#### [WORK REQUIRED]
Please repeat, exactly and without pictures, the lines of the entries below that run from the one containing "观宸246,位居拱北口岸头排" through the one containing "Otestovali sme aj".

#### [EXTRACTED ENTRIES]
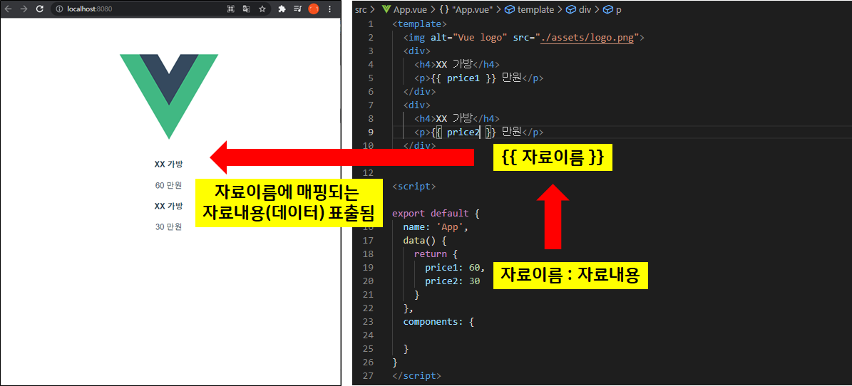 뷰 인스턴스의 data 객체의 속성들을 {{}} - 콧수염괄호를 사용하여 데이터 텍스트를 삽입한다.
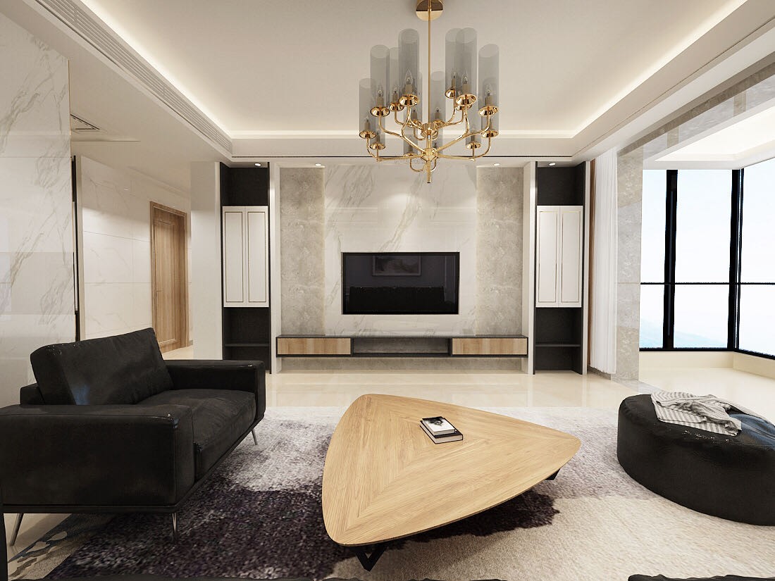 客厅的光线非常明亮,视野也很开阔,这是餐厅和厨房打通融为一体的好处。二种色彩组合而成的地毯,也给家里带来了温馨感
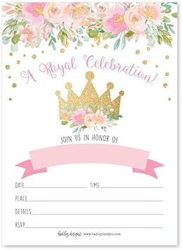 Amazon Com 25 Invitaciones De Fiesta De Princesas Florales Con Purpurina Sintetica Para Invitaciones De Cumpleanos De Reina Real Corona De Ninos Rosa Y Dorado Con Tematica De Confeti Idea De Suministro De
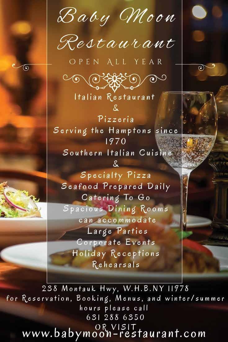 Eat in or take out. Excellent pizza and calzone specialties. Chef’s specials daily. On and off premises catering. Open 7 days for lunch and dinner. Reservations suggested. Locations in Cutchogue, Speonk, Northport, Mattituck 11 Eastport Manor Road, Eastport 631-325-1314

...

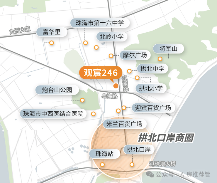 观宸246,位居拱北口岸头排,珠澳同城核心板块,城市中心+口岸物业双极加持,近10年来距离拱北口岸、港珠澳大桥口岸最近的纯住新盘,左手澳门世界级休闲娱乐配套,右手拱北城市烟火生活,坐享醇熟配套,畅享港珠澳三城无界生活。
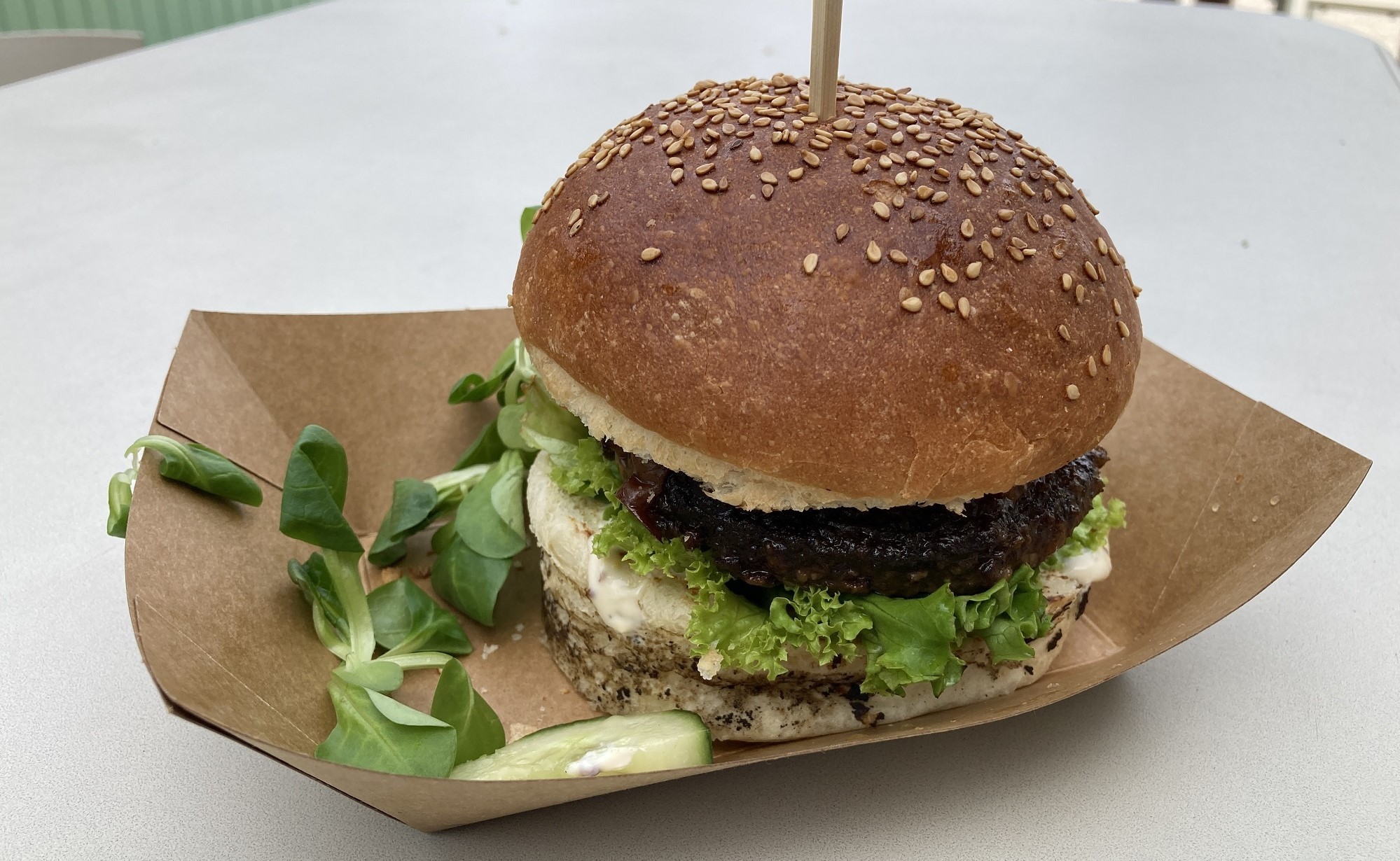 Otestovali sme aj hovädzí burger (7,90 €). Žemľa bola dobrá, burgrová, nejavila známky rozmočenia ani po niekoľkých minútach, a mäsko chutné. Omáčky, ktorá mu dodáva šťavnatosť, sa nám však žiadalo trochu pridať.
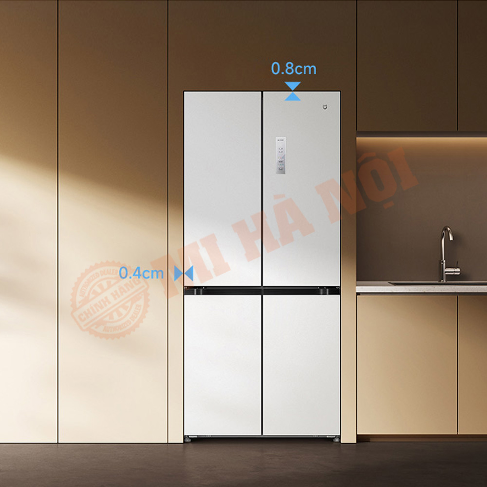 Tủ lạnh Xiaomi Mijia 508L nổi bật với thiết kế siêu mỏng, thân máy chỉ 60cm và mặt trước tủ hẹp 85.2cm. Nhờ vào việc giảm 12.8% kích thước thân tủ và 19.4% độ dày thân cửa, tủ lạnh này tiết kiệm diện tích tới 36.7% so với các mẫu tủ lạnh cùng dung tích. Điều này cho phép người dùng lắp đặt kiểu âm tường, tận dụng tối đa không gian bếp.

#### [EXERCISE RESULT]
 观宸246,位居拱北口岸头排,珠澳同城核心板块,城市中心+口岸物业双极加持,近10年来距离拱北口岸、港珠澳大桥口岸最近的纯住新盘,左手澳门世界级休闲娱乐配套,右手拱北城市烟火生活,坐享醇熟配套,畅享港珠澳三城无界生活。
 Otestovali sme aj hovädzí burger (7,90 €). Žemľa bola dobrá, burgrová, nejavila známky rozmočenia ani po niekoľkých minútach, a mäsko chutné. Omáčky, ktorá mu dodáva šťavnatosť, sa nám však žiadalo trochu pridať.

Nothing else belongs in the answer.